■ **Work task**
Transcribe the data that follows in full. Leave out the pictures.

-- Provided material follows --

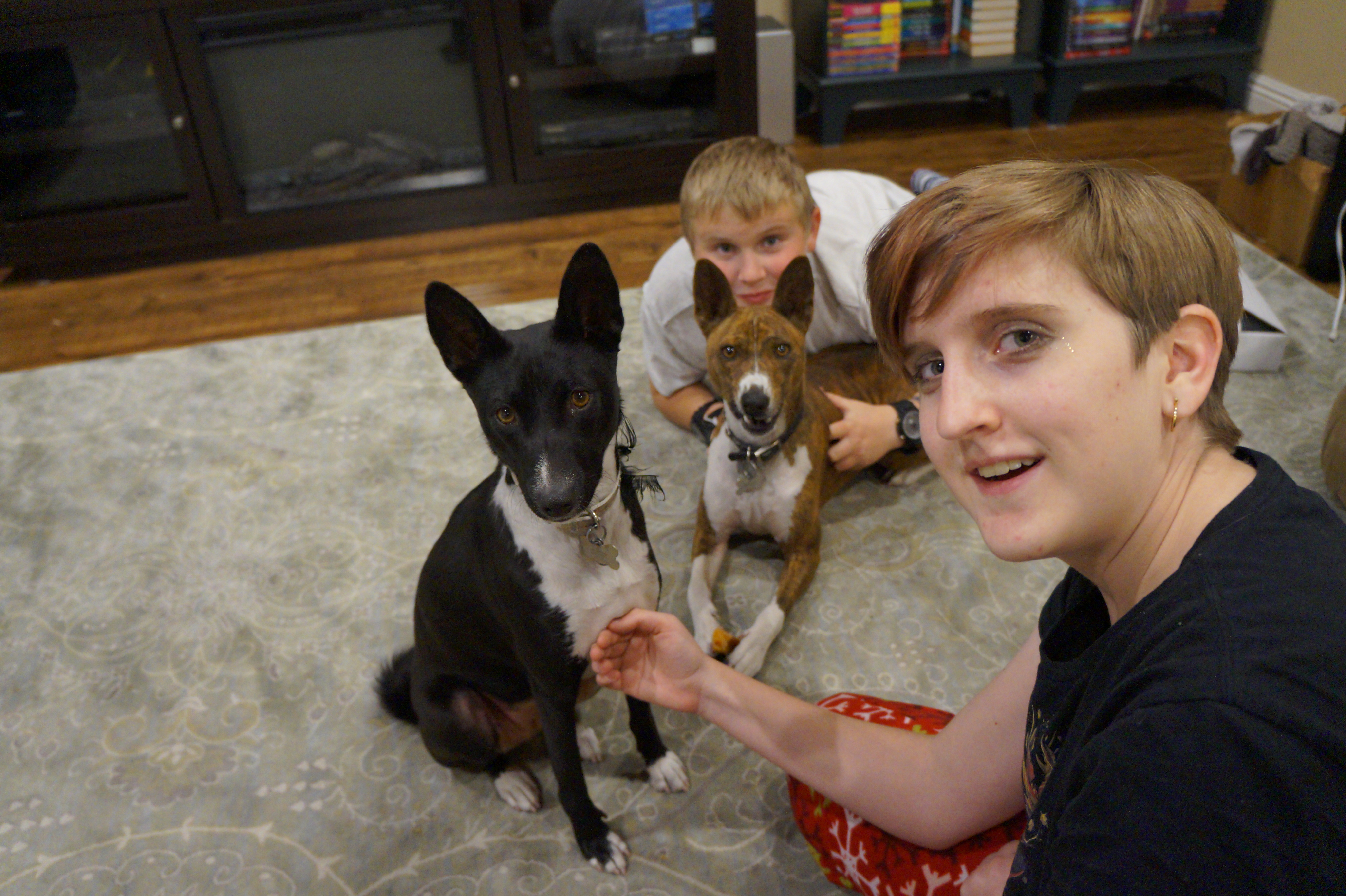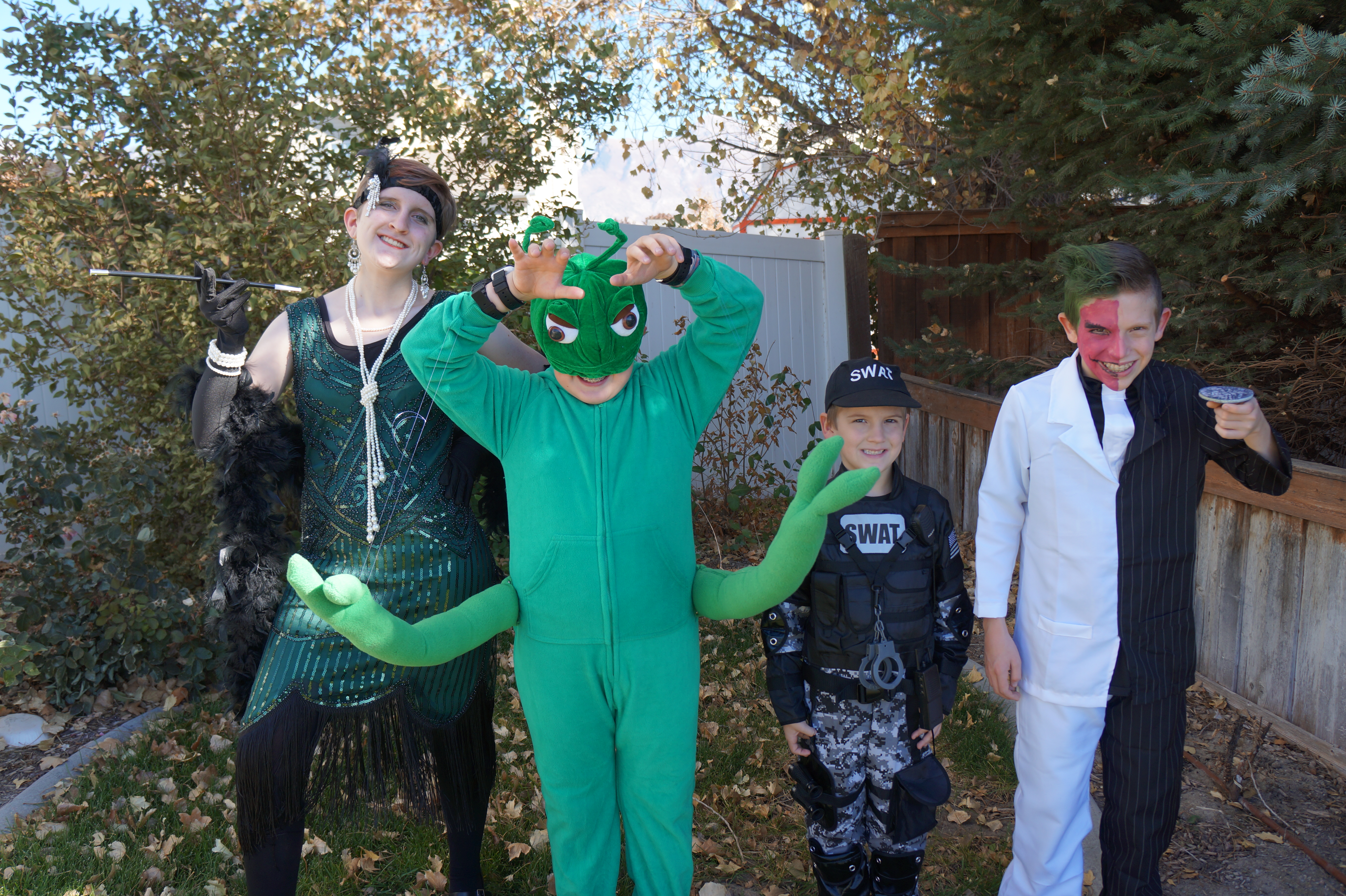 Testing the light for the family picture--Beth does not approve Beth with Hannah Sam at the top ready to go canyoneering The first rappel Zack knows how to ride a bike! Zack can also do flips on the trampoline Nick's book report - a scary realtor Nick and Zack built a tower Costumes for Halloween With the puppies The pumpkins
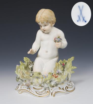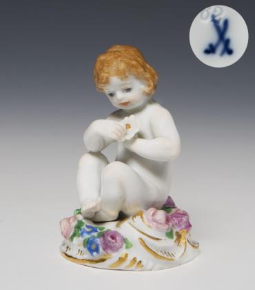 Miniatur-Jugendstilfigur: Kind mit Gänseblümchen. Meissen.
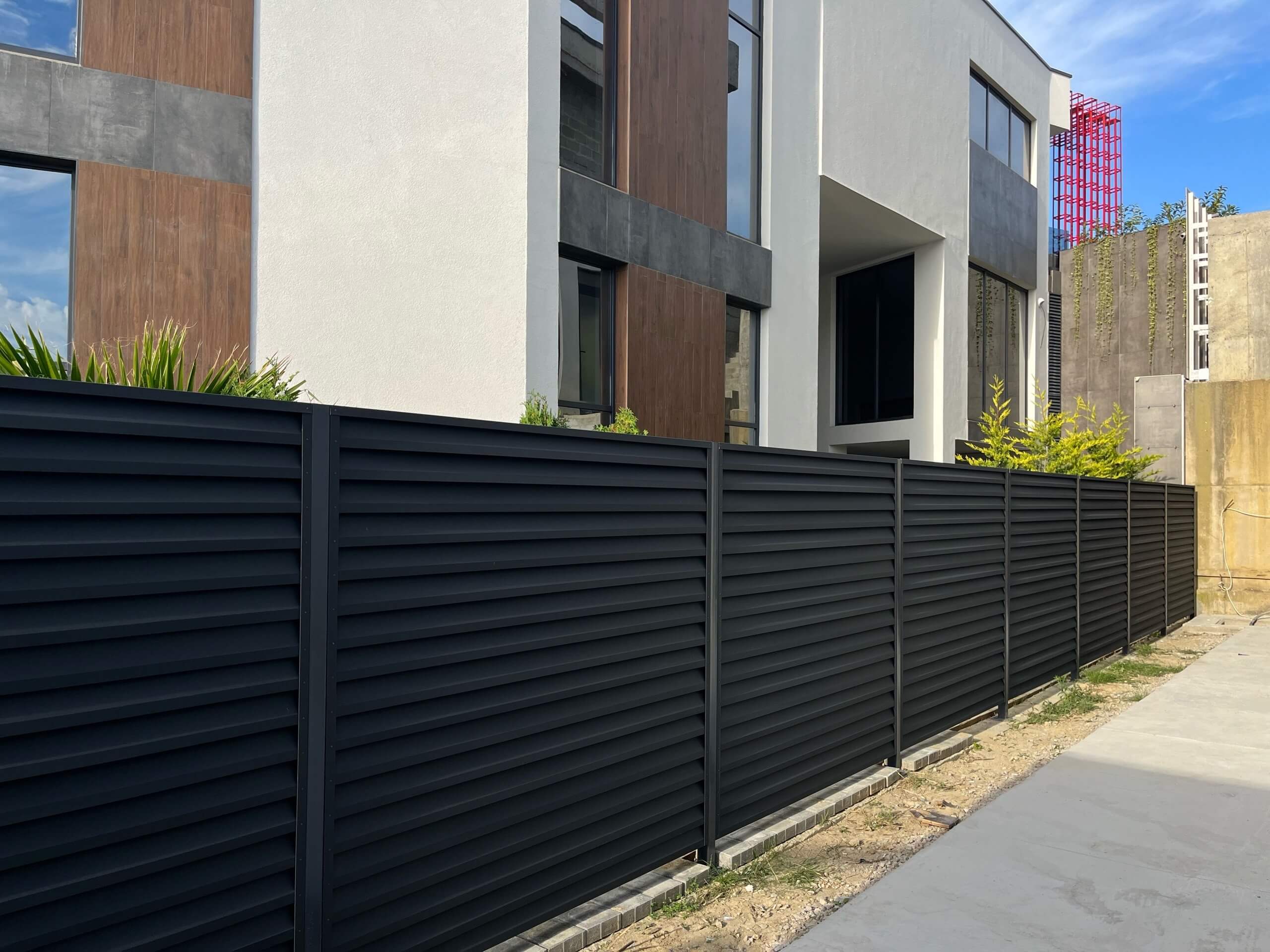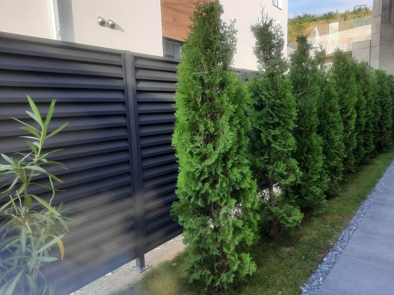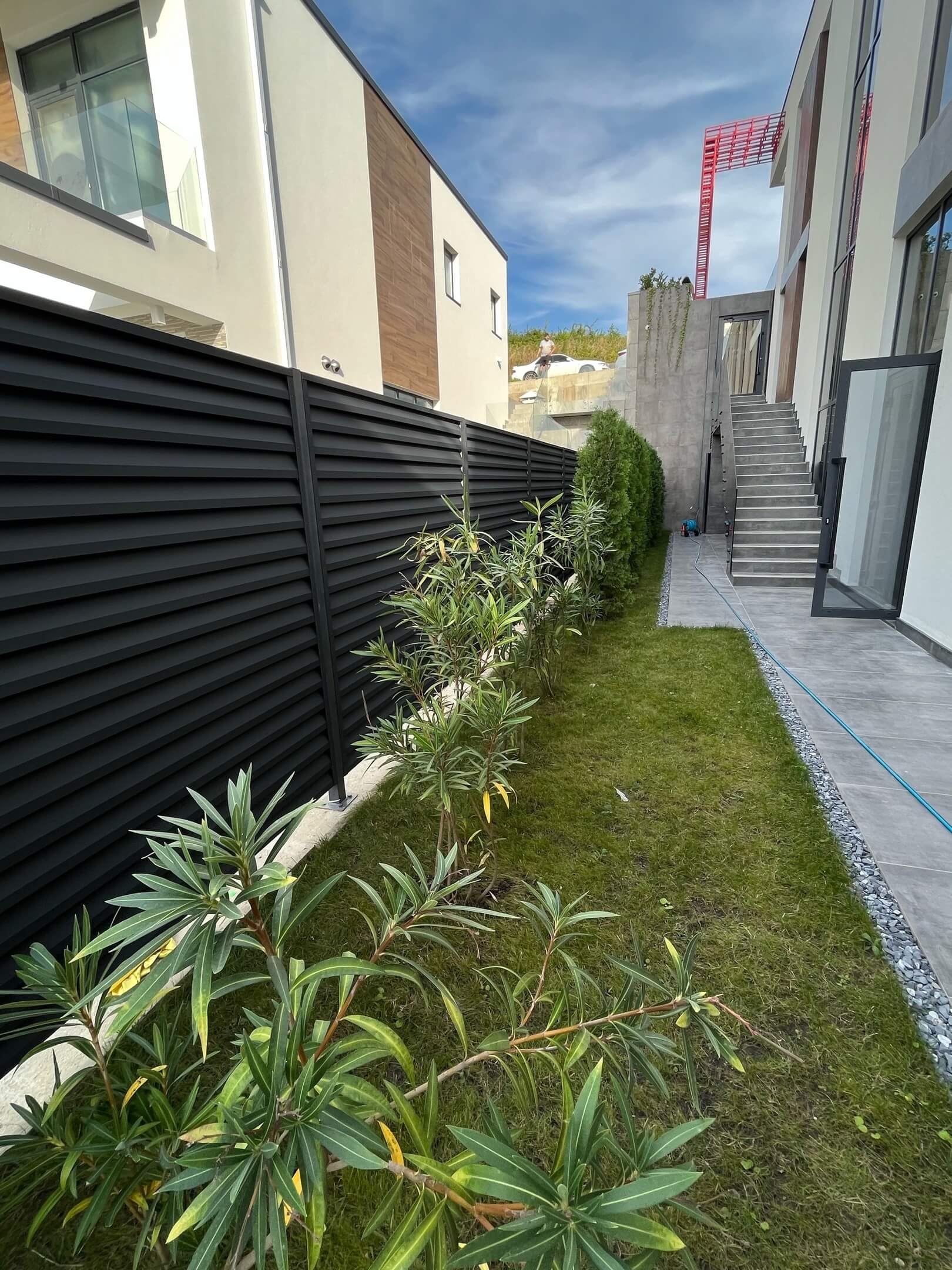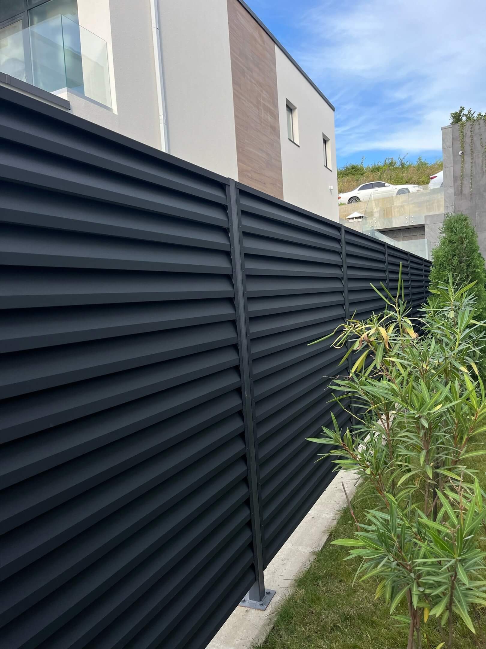 Секция Реснички RAL7024 МАТТЕ Серый Графит матовый двустороннего забора вид спереди Секция Реснички RAL7024 МАТТЕ Серый Графит матовый двустороннего забора вид сзади Ламель Реснички RAL7024 МАТТЕ Серый Графит матовый двустороннего забора
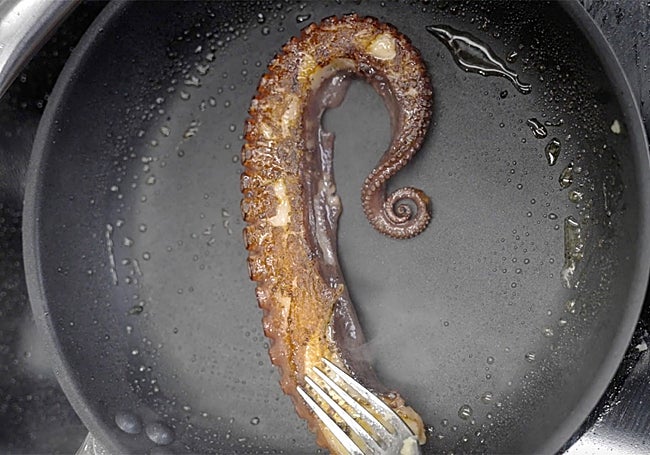 Con diferentes opciones de punto, que podrá elegirse al gusto, cocinamos el vuelta y vuelta durante un par de minutos, hasta que quede dorado. Una vez retirado del fuego, trinchamos el pulpo y podremos comprobar que está jugoso.

-- Provided material concluded --

■ **Task output**
 Testing the light for the family picture--Beth does not approve Beth with Hannah Sam at the top ready to go canyoneering The first rappel Zack knows how to ride a bike! Zack can also do flips on the trampoline Nick's book report - a scary realtor Nick and Zack built a tower Costumes for Halloween With the puppies The pumpkins
 Miniatur-Jugendstilfigur: Kind mit Gänseblümchen. Meissen.
 Секция Реснички RAL7024 МАТТЕ Серый Графит матовый двустороннего забора вид спереди Секция Реснички RAL7024 МАТТЕ Серый Графит матовый двустороннего забора вид сзади Ламель Реснички RAL7024 МАТТЕ Серый Графит матовый двустороннего забора
 Con diferentes opciones de punto, que podrá elegirse al gusto, cocinamos el vuelta y vuelta durante un par de minutos, hasta que quede dorado. Una vez retirado del fuego, trinchamos el pulpo y podremos comprobar que está jugoso.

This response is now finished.